START RECORDED DATA
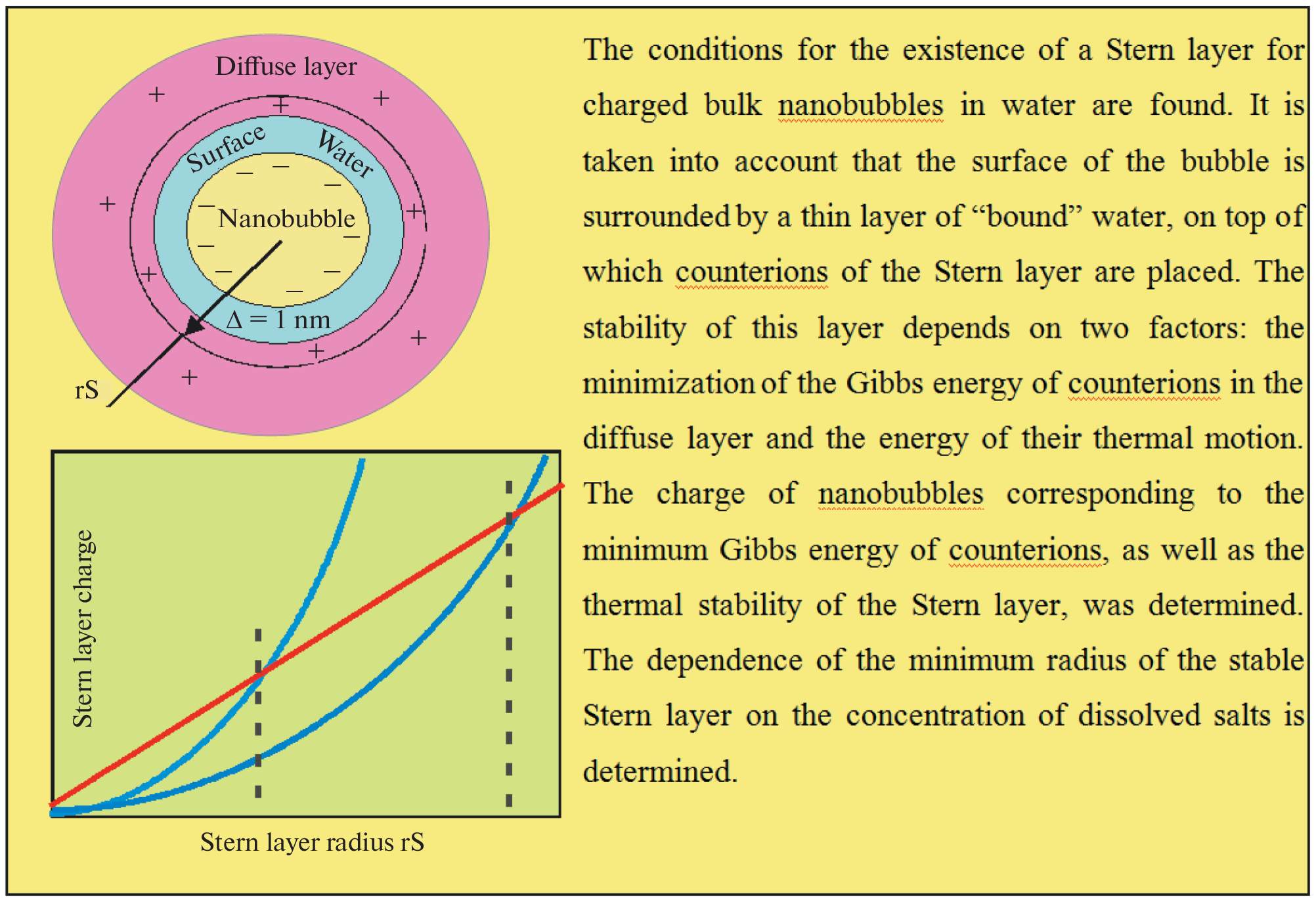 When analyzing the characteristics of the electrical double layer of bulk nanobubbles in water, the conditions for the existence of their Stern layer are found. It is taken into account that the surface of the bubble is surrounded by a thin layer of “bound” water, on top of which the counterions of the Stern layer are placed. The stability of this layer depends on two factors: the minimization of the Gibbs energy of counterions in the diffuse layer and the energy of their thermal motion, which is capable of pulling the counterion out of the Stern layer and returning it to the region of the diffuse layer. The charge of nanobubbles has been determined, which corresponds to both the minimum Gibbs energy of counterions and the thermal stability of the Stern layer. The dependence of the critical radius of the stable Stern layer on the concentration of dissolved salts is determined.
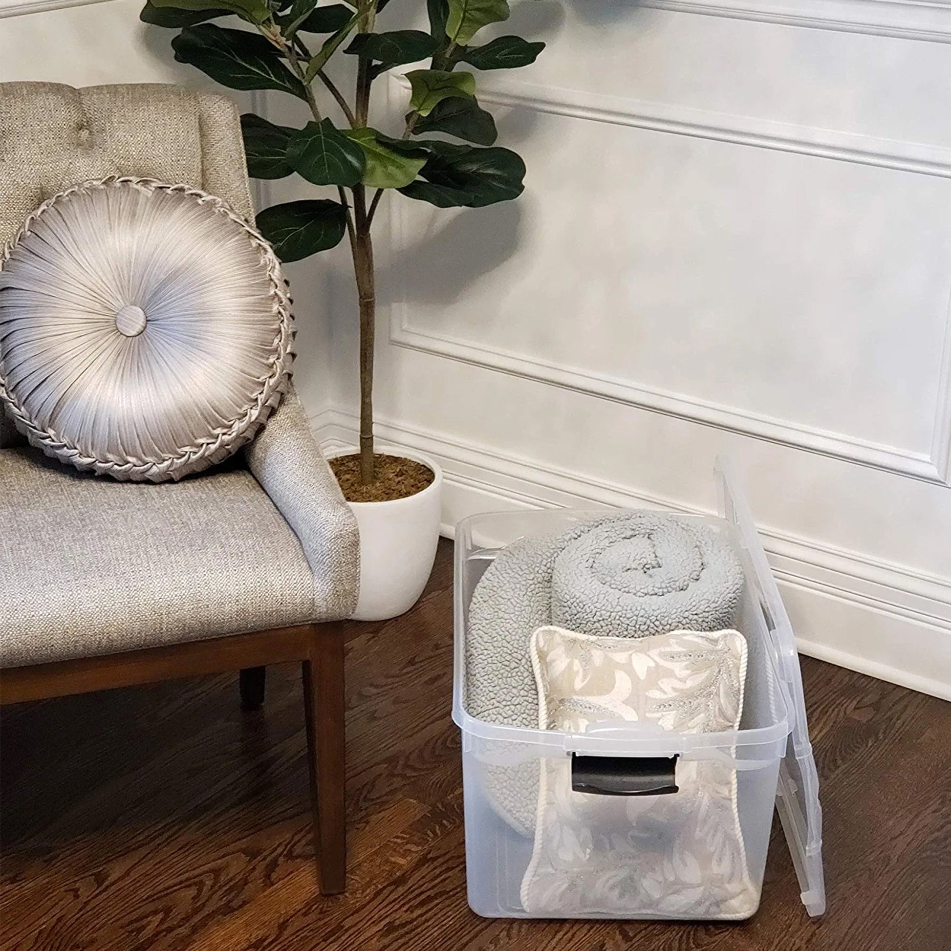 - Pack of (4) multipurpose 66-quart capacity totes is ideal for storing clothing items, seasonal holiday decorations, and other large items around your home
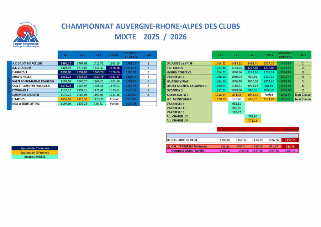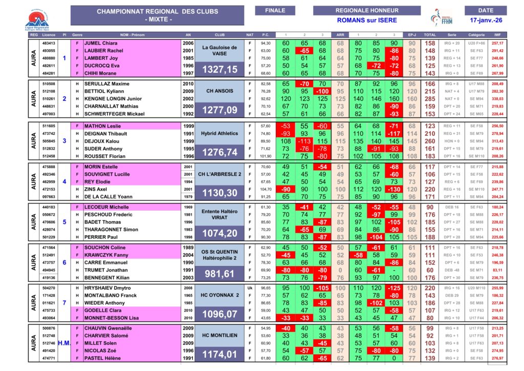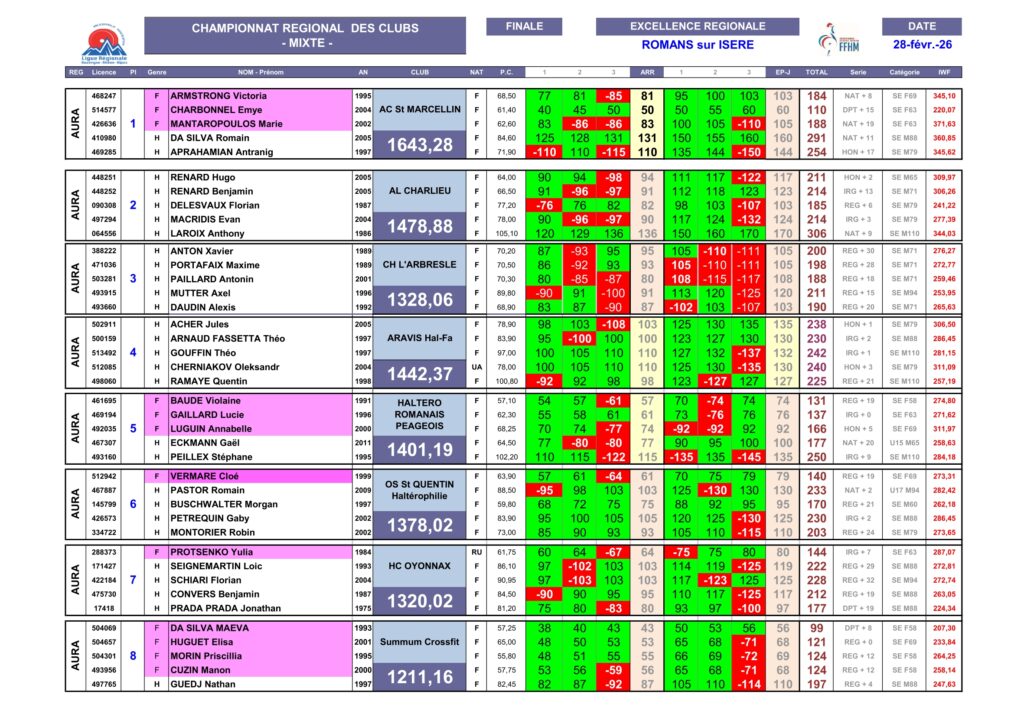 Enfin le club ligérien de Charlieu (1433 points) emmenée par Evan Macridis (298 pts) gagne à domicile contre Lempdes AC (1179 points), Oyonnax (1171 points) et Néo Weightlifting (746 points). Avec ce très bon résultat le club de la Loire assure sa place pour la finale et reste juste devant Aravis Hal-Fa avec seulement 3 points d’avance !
END RECORDED DATA
» ABOUT THIS EXERCISE:
Please output all of the data exactly as given, omitting any images it holds.

» RESULT OF THE TASK:
 When analyzing the characteristics of the electrical double layer of bulk nanobubbles in water, the conditions for the existence of their Stern layer are found. It is taken into account that the surface of the bubble is surrounded by a thin layer of “bound” water, on top of which the counterions of the Stern layer are placed. The stability of this layer depends on two factors: the minimization of the Gibbs energy of counterions in the diffuse layer and the energy of their thermal motion, which is capable of pulling the counterion out of the Stern layer and returning it to the region of the diffuse layer. The charge of nanobubbles has been determined, which corresponds to both the minimum Gibbs energy of counterions and the thermal stability of the Stern layer. The dependence of the critical radius of the stable Stern layer on the concentration of dissolved salts is determined.
 - Pack of (4) multipurpose 66-quart capacity totes is ideal for storing clothing items, seasonal holiday decorations, and other large items around your home
 Enfin le club ligérien de Charlieu (1433 points) emmenée par Evan Macridis (298 pts) gagne à domicile contre Lempdes AC (1179 points), Oyonnax (1171 points) et Néo Weightlifting (746 points). Avec ce très bon résultat le club de la Loire assure sa place pour la finale et reste juste devant Aravis Hal-Fa avec seulement 3 points d’avance !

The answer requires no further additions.